[PROVIDED DATA]

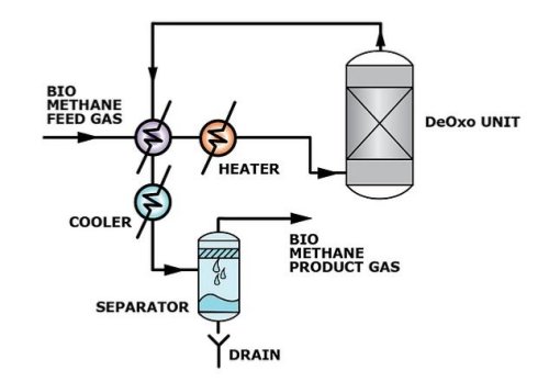 The DeOxo unit is generally followed by a thermal swing adsorption (TSA) gas dryer to remove the water vapour produced by the oxidation reaction. In the case of hydrogen production, the CO2 produced must also be removed. In the case of biomethane for pipeline injection the amount of CO2 produced is not significant enough to require its removal from the product gas.
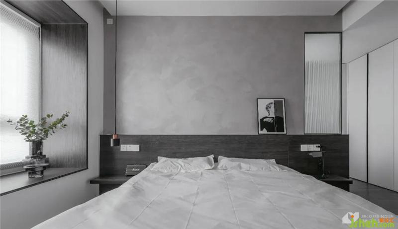 The walls of the master bedroom are still painted with industrial cement art paint, but as a rest space, there should be a trace of warmth besides the high cold. The wood floor with its own warm, let this space a little more warm.
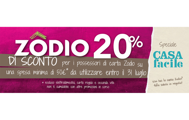 E le novità non sono finite: per tutto il mese di luglio su una spesa minima di 50€ (con carta Zodio)* avrai lo sconto del 20%. Mostra il coupon CasaFacile alla cassa, non è necessario stamparlo.
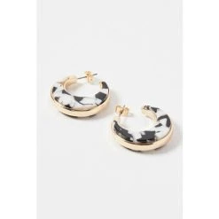 Oliver Bonas Green Corliss Square Stone And Engraved Disc Stud Malachite, Gold Plated Brass Earrings
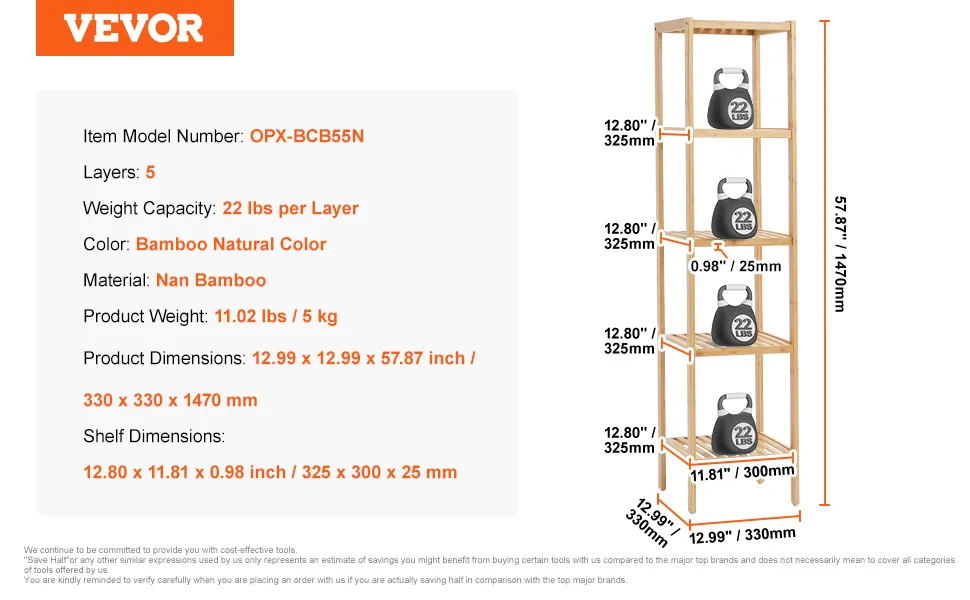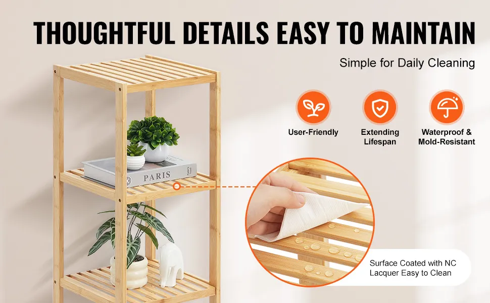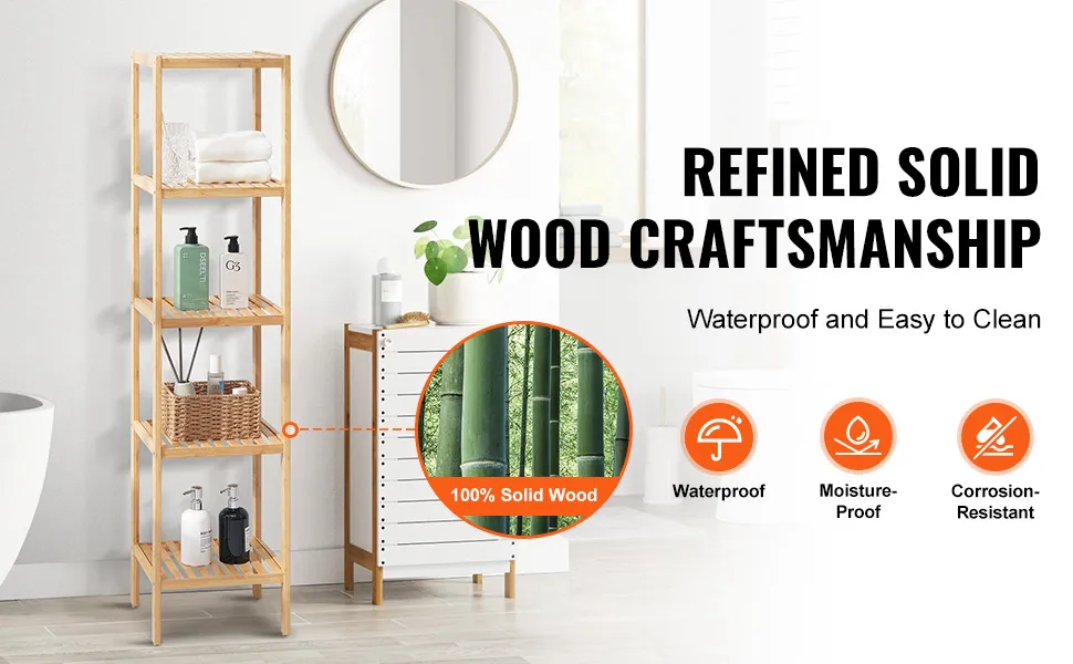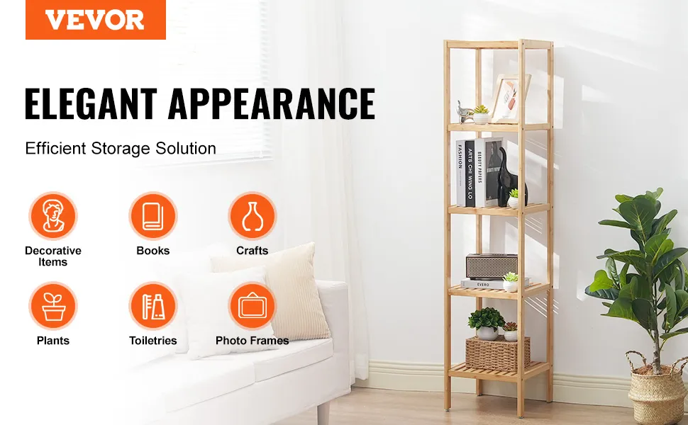 VEVOR 5-Tier Bathroom Standing Shelf, Rattan Shelf, Narrow Shelving Unit, Display Storage Rack Organizer, Freestanding Flower Plant Stand, Multifunctional Bamboo Shelf Ideal for Bathroom, Kitchen, Home, Natural

[EXERCISE PROMPT]
An exact copy of the records above is needed, free of pictures.

[RESPONSE TO THIS EXERCISE]
 The DeOxo unit is generally followed by a thermal swing adsorption (TSA) gas dryer to remove the water vapour produced by the oxidation reaction. In the case of hydrogen production, the CO2 produced must also be removed. In the case of biomethane for pipeline injection the amount of CO2 produced is not significant enough to require its removal from the product gas.
 The walls of the master bedroom are still painted with industrial cement art paint, but as a rest space, there should be a trace of warmth besides the high cold. The wood floor with its own warm, let this space a little more warm.
 E le novità non sono finite: per tutto il mese di luglio su una spesa minima di 50€ (con carta Zodio)* avrai lo sconto del 20%. Mostra il coupon CasaFacile alla cassa, non è necessario stamparlo.
 Oliver Bonas Green Corliss Square Stone And Engraved Disc Stud Malachite, Gold Plated Brass Earrings
 VEVOR 5-Tier Bathroom Standing Shelf, Rattan Shelf, Narrow Shelving Unit, Display Storage Rack Organizer, Freestanding Flower Plant Stand, Multifunctional Bamboo Shelf Ideal for Bathroom, Kitchen, Home, Natural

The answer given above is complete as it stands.